Non sapeva cosa aspettarsi, non sapeva se la ragazza dagli occhi verdi si sarebbe sentita arrabbiata, delusa, ferita, tradita o magari impaurita, proprio quanto lo era lei.
E non poteva saperlo perché nemmeno giunta alla conclusione, nemmeno arrivata ai titoli di coda e nemmeno mentre chiudeva il sipario, Giorgia aveva anche solo azzardato, alzare il capo e guardarla negli occhi. Avrebbe dovuto farlo però, quelli avrebbero avuto tanto da dirle, tanto da farle capire.

Vi fu un breve momento di silenzio, estremamente breve ma che a Giorgia parve durare quasi più di un'ora, un momento in cui nella sua testa stavano passando i peggiori scenari, da Lauren che scappava, da Lauren che urlava e piangeva. Pensava che da quel momento in poi la sua ragazza, l'avrebbe insultata o magari rimproverata per averle tenuto nascosta la verità per così tanto tempo, per averlo fatto costringendo anche Clara a farlo, ed averle fatto promesse che però non avrebbe mai mantenuto davvero.

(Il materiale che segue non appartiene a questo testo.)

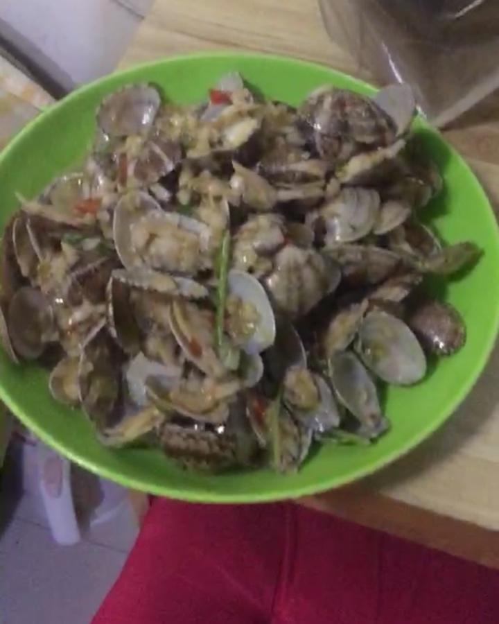 花蛤吐沙,过热水至张开。放辣椒蒜蓉出香味后加花蛤至蒜蓉与花蛤交融。第一次做非常成功

Niente di tutto ciò però accadde e di questo lei ne fu sorpresa. Venne letteralmente travolta, anzi, avvolta, dalle braccia della ragazza più grande che, probabilmente, nella sua vita, non aveva mai stretto a sé nessuno con così tanta forza, quasi da farsi male da sola. La strinse a se, facendola poggiare con la testa al proprio petto per poi abbassarsi e darle ripetuti baci sulla testa; Giorgia chiuse gli occhi, e per quanto potesse aver paura di morire, per quanto potesse essere arrabbiata e triste, quell'abbraccio stava essendo per lei la materializzazione del concetto di "pace", mentale, fisico ed emotivo che fosse.